Although personal attacks are not his style, he is less magnanimous over the ideology Corbyn touts and the populist policies that robbed the Tories of their majority earlier this year.

“The policies that Labour advanced at the last election were the stuff of fantasy. It was suggested that a Labour government would nationalise the water companies, would nationalise the railways. I mean, in my own constituency the Labour candidate threw in nationalising BT as well. Now, just nationalising BT alone is a £40bn commitment, which is about as much as we spend on defence every year. I can’t imagine anything better to destroy economic value, to say nothing of ruining the company’s finances, and the country’s finances.”

Such “dishonest” commitments, he continues, have merely “turned people’s heads temporarily”.

“You only have to see how the Labour party has moved back from some of the pronouncements that were being made at the time – and I think you are going to get more of that. So, as people start to frame the question of whether Labour is a genuine party of government, as opposed to an instrument with which to register your concerns about the current set up, then I think you will find that further bloom will come off the Corbyn rose.”

For the roads minister, winning back voters’ support is simply about getting on with the job at hand.

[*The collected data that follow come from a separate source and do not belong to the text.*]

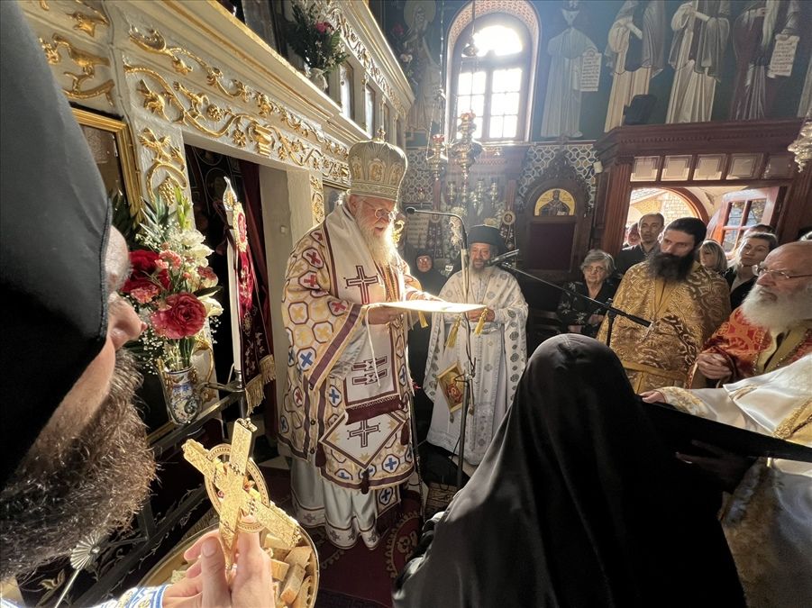 Κατά τη Θεία Λειτουργία, ο Σεβασμιώτατος έκηρε εις Μεγαλόσχημον Μοναχή μία εκ των αδελφών της Ιεράς Μονής, η οποία και έλαβε το όνομα Μακρίνα. Κατά την ομιλία του, απευθυνόμενος προς το πολυπληθές εκκλησίασμα, ο κ. Νεκτάριος αρχικά επεσήμανε ότι η σημερινή ημέρα είναι ιδιαιτέρως σπουδαία για την αδελφότητα καθώς η κουρά μία νέας μεγαλόσχημης μοναχής αποτελεί γεγονός μεγάλης χαράς. Η αδελφή Μακρίνα δοκιμάστηκε ιδιαίτερα στο μοναχικό βίο καθώς έζησε επί 22 έτη ως ρασοφορούσα μοναχή, με τον αρραβώνα δηλαδή του αγγελικού σχήματος. Έτσι, σήμερα, καταξιώνεται να λάβει το Μεγάλο και Αγγελικό Σχήμα. Εν συνεχεία, ο Σεβασμιώτατος απευθυνόμενος προς την αδελφή Μακρίνα επεσήμαινε ότι κατά την κουρά παρίστανται άγγελοι του Θεού οι οποίοι και κατέγραψαν την μοναχική ομολογία που μόλις έδωσε. Μάλιστα, τόνισε ότι στην ασκητική γραμματεία η κουρά αναφέρεται από τους Πατέρες ως το 8ο μυστήριο ως ένα δεύτερο βάπτισμα ενώ ο ίδιος ο Κύριός μας Ιησούς Χριστός παρίσταται νοερώς ως Εράσμιος Νυμφίος των μοναχών. Τούτο σημαίνει ότι η σχέση των μοναχών με το Θεό είναι ερωτική και καλλιεργείται με την προσευχή, την ησυχία και τη ζωή της ασκήσεως. Μάλιστα στους αναβαθμούς που ψάλλουμε αναφέρεται «Τοῖς ἐρημικοῖς ζωὴ μακαρία ἐστί, θεϊκῷ ἔρωτι πτερουμένοις». Ακριβώς αυτός ο θείος έρωτας είναι που καταλαμβάνει το κέντρο της ζωής του μοναχού. Έτσι, στις ευχές που προηγήθηκαν της κουράς παραινείται ο μοναχός να λατρεύει και να εργάζεται μόνον για το Χριστό και ο Κύριός μας να είναι προς το μοναχό «συγκοιταζόμενος, συνανιστάμενος, γλυκαίνων καὶ εὐφραίνων τὴν καρδία». Στα μέτρα της πνευματικής θεωρίας που καλείται να φθάσει ο μοναχός αυτό κατορθώνεται μέσα από την αδιάλειπτο προσευχή και τη Θεία Ευχαριστία. Παράλληλα η προσευχή καρποφορεί μέσα από την ησυχία και τη θυσιαστική αγάπη, την ταπείνωση και υπακοή προς την Πνευματική Μητέρα αλλά και ολόκληρη την αδελφότητα. Χωρίς την καλλιέργεια αυτών των αρετών ο μοναχός δε δύναται να αφήσει τον παλαιό άνθρωπο, και να αντικαταστήσει το ίδιον θέλημά με το θέλημα του Θεού.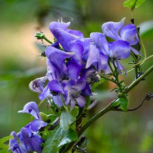 【鳥兜】《キンポウゲ科》 花言葉 「騎士道」「栄光」「人嫌い」「復讐」 古代ローマでは 継母が夫の連れ子を殺害するために用いたことから「継母の毒」とも呼ばれていました。 多くの人間がトリカブトにより毒殺されたため、ローマ皇帝により栽培が禁止されたほどだったそうです。 ギリシャ神話では、 トリカブトは冥界の番犬ケルベロスのよだれから生まれたとされ、 冥界の神ヘカテーを象徴する花でもあります。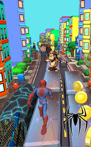 Come on, friends, just download and play this game, you must be familiar with the spider super hero who is very agile and strong. This time the newest endless running adventure and the new city layout will make you very exciting to play and won't feel bored, friend. He can jump and kick the enemy who gets in his way.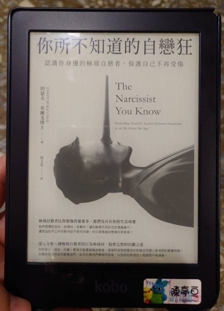 很多時候心理學類的書籍時常變成「我」與「他者」的對立,我是好的,而自戀者是不好的,誰誰誰是自戀者,誰像自戀者,所以我很喜歡作者在書的序章就寫下的這段,「本書的中心主題在於,想有效應付身邊的自戀者,很多時候意味著你得逐步接受自己的自戀。(〈序言〉一節,10之11,kobo六吋閱讀器,p.22之1008)」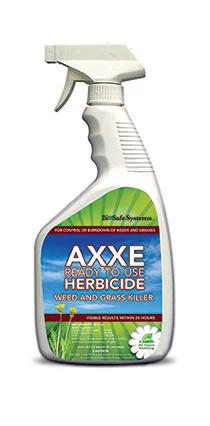AXXE Weed & Grass Control is a non-selective herbicidal soap for organic gardening. It eradicates grasses and weeds on patios, walkways and driveways. It also works for spot treatments. The soap is biodegradable and will not migrate through soil to harm surrounding plants. It can be used on weeds and grasses such as chickweed, liverwort, crabgrass, dandelion, ragweed and more. The product is available in a 32-oz. ready-to-spray, 32.-oz tip-n-pour concentrate, and 1-gallon concentrate.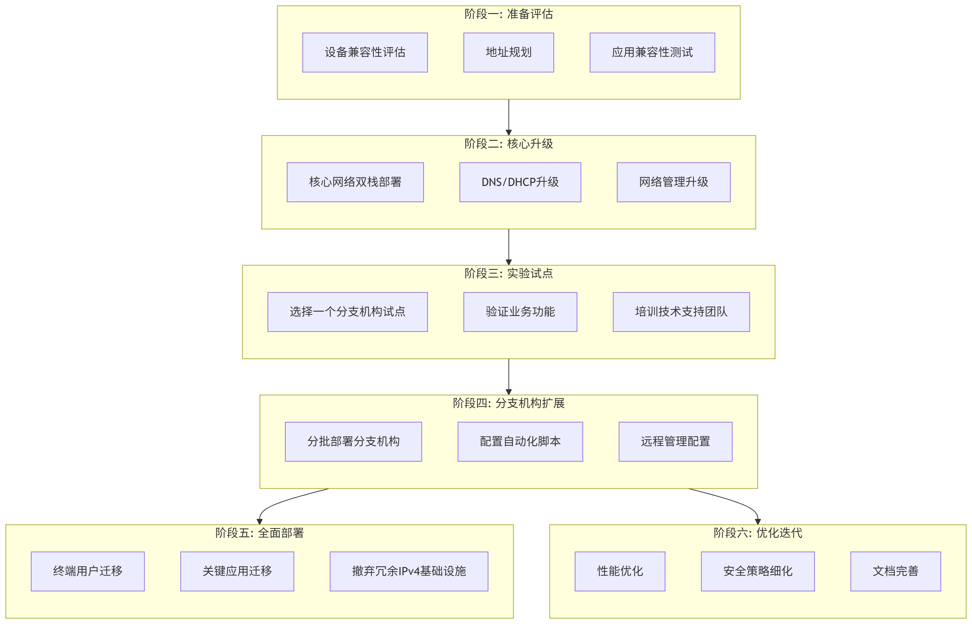 IPv4向IPv6的迁移是一个渐进的过程,需要周密的计划和执行。采用双栈技术作为基础,结合隧道和协议转换技术,可以在保证业务连续性的前提下实现平滑过渡。同时,IPv6环境下的安全性和可管理性需要特别关注,必须同步更新安全策略和管理流程。
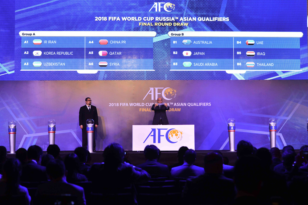 【大公报讯】综合新华社、中新社吉隆坡报道:2018年俄罗斯世界杯亚洲区外围赛最后阶段的12强赛抽籤仪式12日在马来西亚首都吉隆坡举行。中国国家足球队与伊朗、韩国、乌兹别克、卡塔尔及叙利亚同分在A组,首场比赛将是今年9月客场挑战韩国。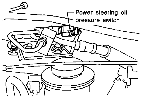 The power steering oil pressure switch is attached to the power steering high-pressure tube and detects a power steering load. When a power steering load is detected, it signals the ECM. The ECM adjusts the IACV-AAC valve to increase the idle speed and adjust for the increased load.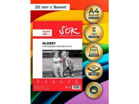 Фотобумага A4 глянцевая, плотность 200 гр, 50 листов, SOK 102431914663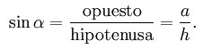 1) El seno de un ángulo es la relación entre la longitud del cateto opuesto y la longitud de la hipotenusa:
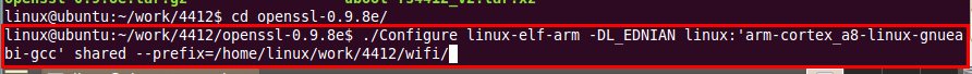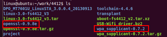 將\Cortex-A9\移(yi)植部(bu)分\Wifi\wifi加密源碼(ma)目(mu)(mu)錄中openssl-0.9.8e.tar和wpa_supplicant-0.7.2.tar拷貝(bei)到Ubuntu工作(zuo)目(mu)(mu)錄(此文檔(dang)以/home/linux/work/4412為工作(zuo)目(mu)(mu)錄)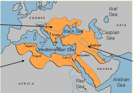 | Ottoman Empire | found on three continents (Asia, Africa & Europe); famous for conquering Constantinople, and trading in coffee & ceramics,  |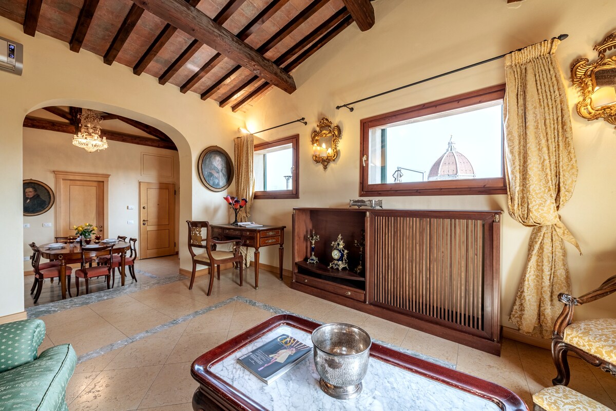 We are in the Oltrarno, the heart of Florence, an exclusive location next to one of the most historical and famous places in the city, the "Ponte Vecchio". The terraces of this penthouse offer suggestive views of the monuments and roofs of Florence making it unique. Its exceptional central location is within walking distance to all major attractions. For example, from the Santo Spirito district just cross the Ponte Vecchio and in 5 minutes one can be at the Duomo or the Uffizi.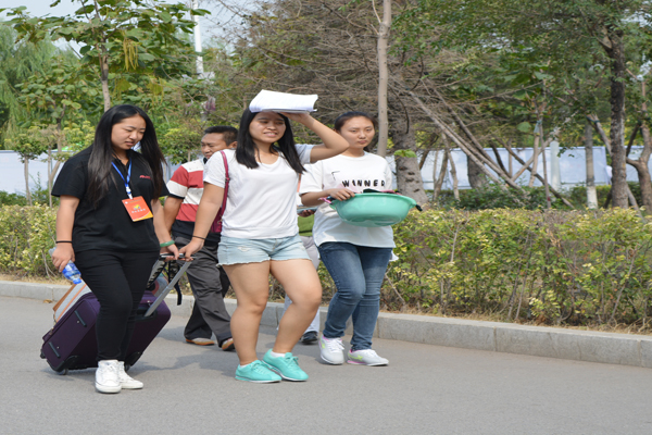 嘴角上扬是你们的统一表情,那是你们发自内心的微笑。从车站的接站到校园的领队,从服务站的热情服务到宿舍行李的搬运,到处都有你们的身影。
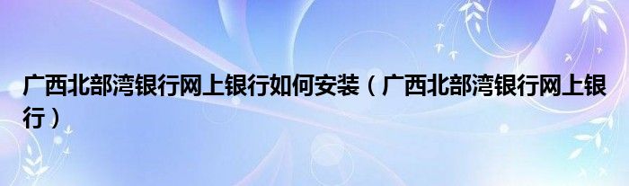 廣西北部灣銀行網(wǎng)上銀行如何安裝(廣西北部灣銀行網(wǎng)上銀行)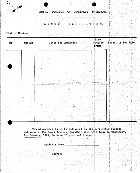 Form for submitting works to the 1924 Annual Exhibition of the Royal Society of Portrait Painters (see related item DLA105-0077).
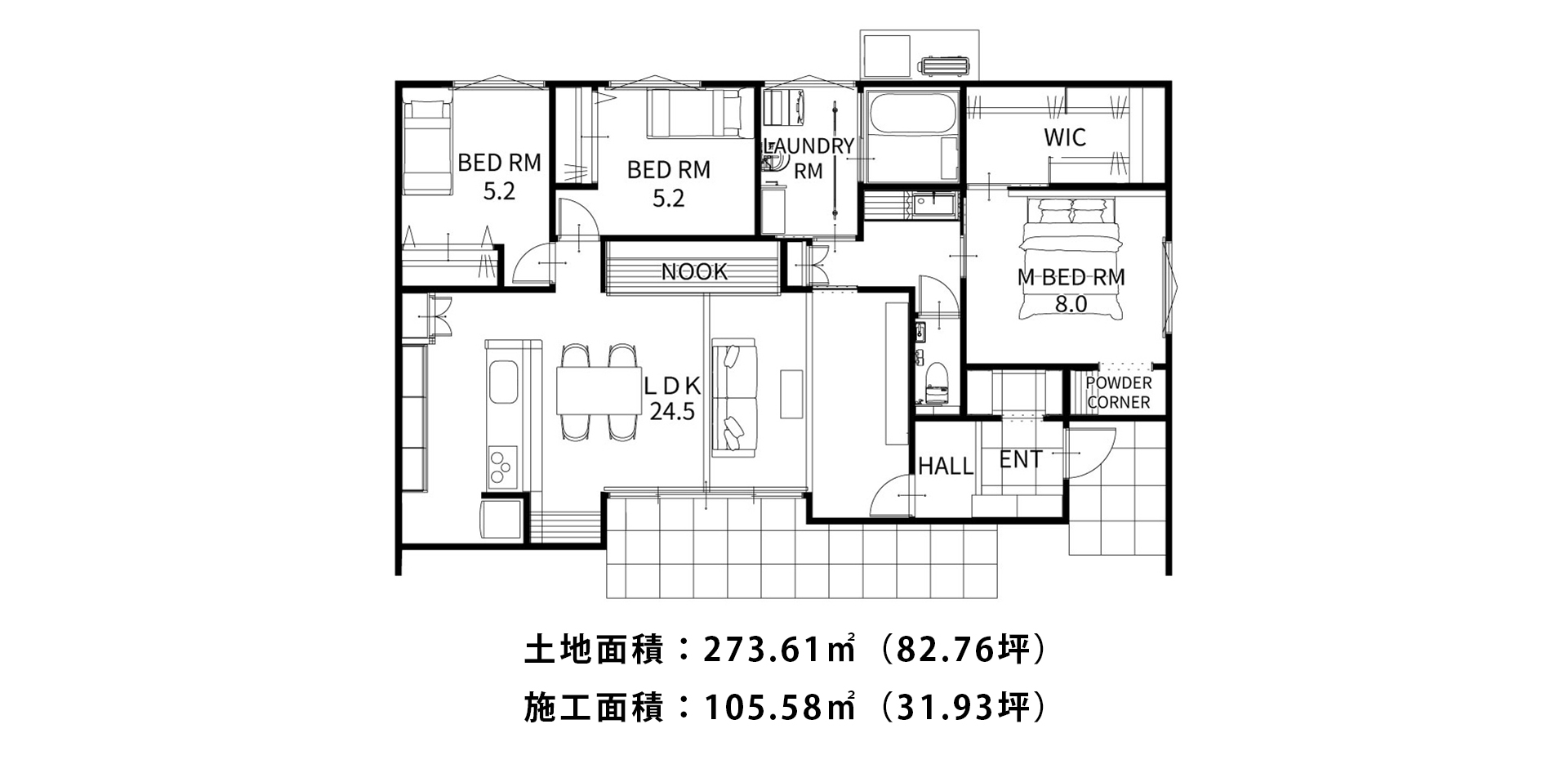 上記の間取りの例では、廊下を少なくしてランドリールームやウォークインクローゼットを広く取ることで家事がしやすくなっています。ヌックやパウダーコーナーなどの贅沢空間も確保して暮らしやすさと心地よさの両方を叶えました。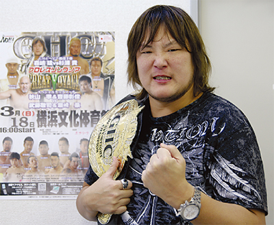 それに先立ち、同大会のメーンでGHCヘビー級選手権の初防衛戦を行う森嶋猛選手がタウンニュース社を訪れた。杉浦貴選手との戦いを前に「横浜から防衛ロードを築きたい。勝って中華街に繰り出したい」と勝利を誓った。大会には武藤敬司選手(全日本プロレス)も出場予定。
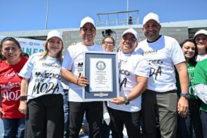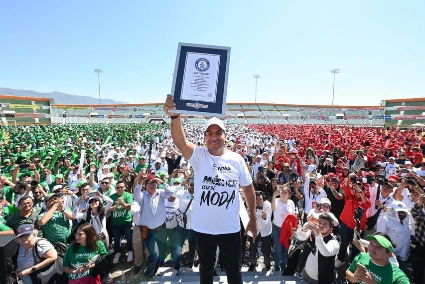 *Chiapas rompe Récord Guinness de la Imagen Humana de Camiseta de Fútbol Más Grande* Chiapas rompió el Récord Guinness de la Imagen Humana de Camiseta de Fútbol Más Grande, con la participación de 4 mil 757 personas. El gobernador Eduardo Ramírez Aguilar se sumó a este este primer evento oficial rumbo a la Copa Mundial de la FIFA 2026 que se llevó a cabo en el Estadio Víctor Manuel Reyna, en Tuxtla Gutiérrez, mismo que fue presenciado de manera virtual por la presidenta de la República, Claudia Sheinbaum Pardo, quien felicitó a todas y todos los participantes. Durante un enlace en la Conferencia de Prensa Matutina “Mañanera del Pueblo”, el mandatario, acompañado por la señora Sofía Espinoza Abarca, agradeció a la presidenta la oportunidad de proyectar a Chiapas a nivel nacional e internacional, e invitó a turistas de México y del extranjero a conocer y disfrutar de la riqueza natural y cultural del estado.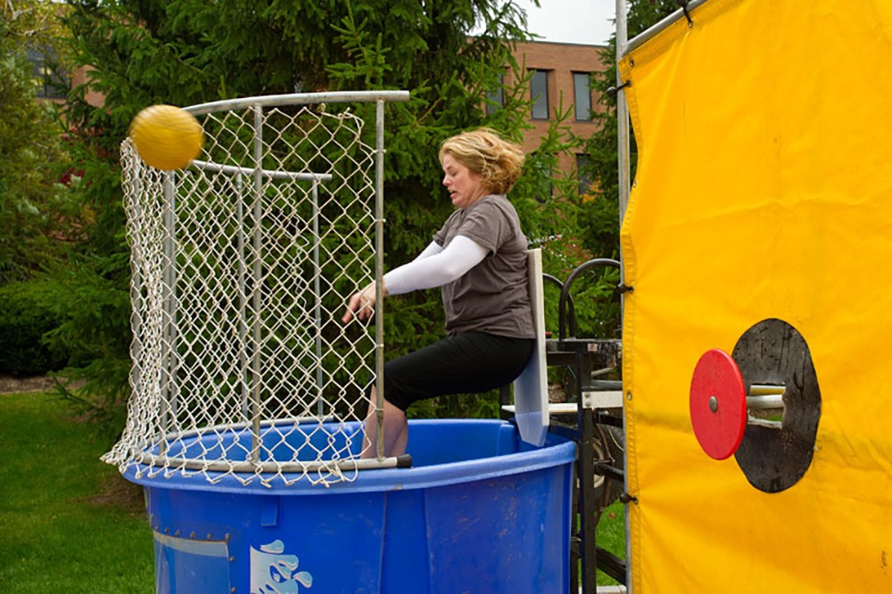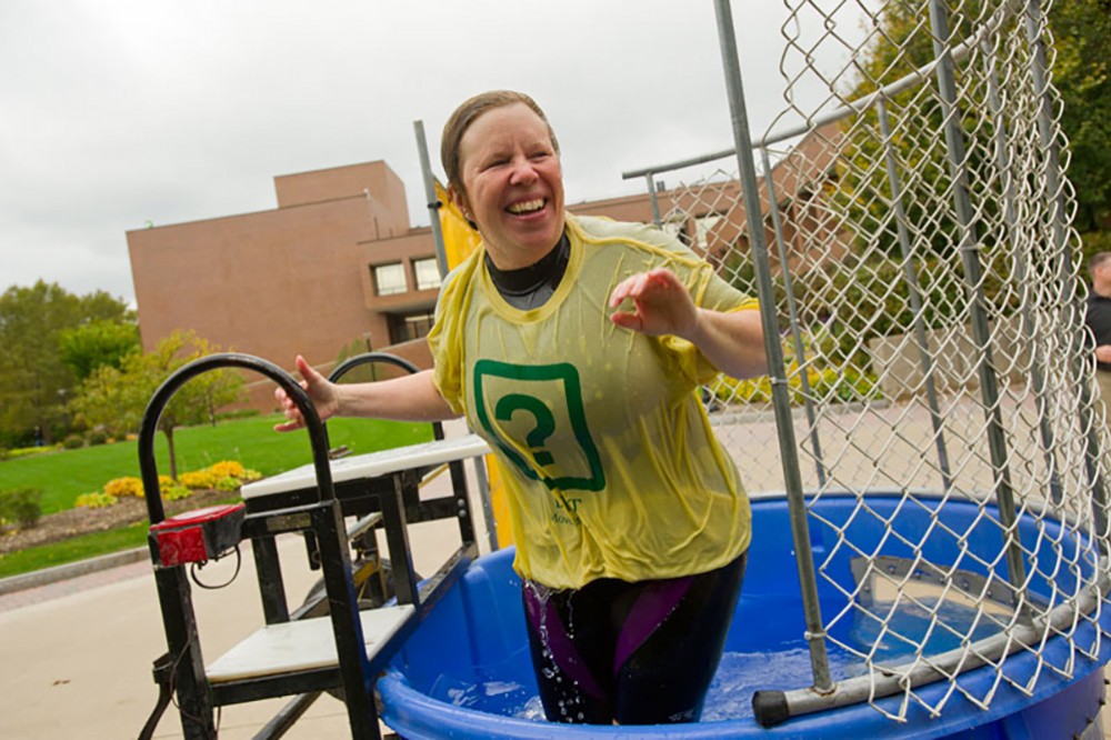 Faculty and staff members from the College of Imaging Arts and Sciences were the target of gallons of fun! They volunteered to be on the hot seat in a dunking booth set up outside of Gannett Hall. For $5, people had three chances to try and get them wet. The money raised will help pay for student travel to RITâs 28th Big Shot next year. The site is not confirmed yet, but more details are expected to be announced soon. Here, Nanette Salvaggio, lecturer in the College of Imaging Arts and Sciences, gets wet. -

“I think the answer is always the same, which is a government that is doing its business, leading, cheerful, optimistic and tough and disciplined.

“That’s why we choose our governments because we wish to exercise that right to be governed. And we do not want a rabble in charge and we don’t want economically illiterate Trotskyites to take us back to the 1970s, whatever one thinks of the alternatives.”

Despite his optimism, the road back to thumping electoral success for the Conservatives seems to many like a long one. But at least Norman will ensure it’s well-maintained.